Timber-concrete-composite floor systems
Timber-Concrete Composite systems have been employed as an efficient solution in medium span structural applications; their use remains largely confined to European countries. A large number of precedents for T-beam configurations exist; however, the growing availability of flat plate engineered wood products offers greater versatility in terms of floor plans and architectural expression in modern timber and hybrid structures. A research program investigates the performance of five different connector types (a post-installed screw system, cast-in screws, glued-in steel mesh, adhesive bonded, and mechanical interlocking) in Cross-Laminated-Timber, Laminated-Veneer-Lumber, and Laminated-Strand-Lumber. UBC TCC Test Report
CLT-steel hybrid floor system
This research discussed an innovative hybrid timber-steel solution for floor diaphragms developed by joining CLT panels with cold-formed customized steel beams. The repeatable floor unit is prefabricated off-site and then fastened on-site using preloaded bolts and self-tapping screws. A numerical model was developed with its input parameters calibrated from full-scale experimental tests. The effects of connections and element arrangement, load and constraint conditions, the relative stiffness of shear walls and their spacing, as well as the floor aspect ratio on the load-displacement response of floors, has been investigated.

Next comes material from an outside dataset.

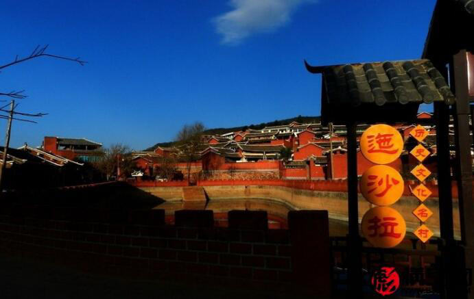依平缓的金沙江西岸台地而建的迤沙拉民居,大都采用青瓦白墙、土木结构,呈现出一派苏皖小镇的风貌。村内小巷纵横,密如蛛网;家家高墙深院,院院紧邻;门前有巷,巷巷相通。胡家巷、张家巷……一路走来,犹如行走在时空的迷宫之中,但见深院、高墙、深巷,“廊腰缦回,檐牙高啄,各抱地势,勾心斗角”之势醒目。
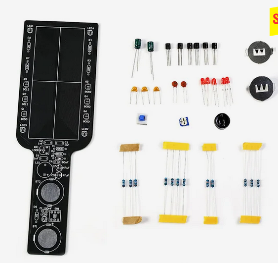 Недавно разбирал один агрегат, и на землю в траву упал очень ценный винтик. Несмотря на то, что даже приблизительно знал, куда шельмец укатился, пришлось искать его около 10 минут, что не очень приятно. Вспомнил, что приятель подарил мне на днюху вот такой наборчик, зная о моём пристрастии собирать всякие штучки: Не рекламирую данный товар, а констатирую факт! Каждый вправе покупать или принимать в подарок то, что ему нравится. В описании говорится, что такой металлоискатель способен сигнализировать о наличии железных предметов на расстоянии до 5см. Ну что ж, надо собрать и проверить. Все детальки оказались в наличии, даже резисторов положили на один больше. Сборка заняла с перекурами и отвлечениями на другие дела около часа.

Nonlinear dynamic analyses of timber-steel-hybrid system
Climate change has increased the demand for designing structures with more sustainable materials. The “Finding the Forest Through the Trees” (FFTT) system is a new hybrid system for high rise structures which combines the advantages of timber and steel as building materials. This research focuses on utilizing finite element models to capture the seismic response of the FFTT system and help developing practical design guidance.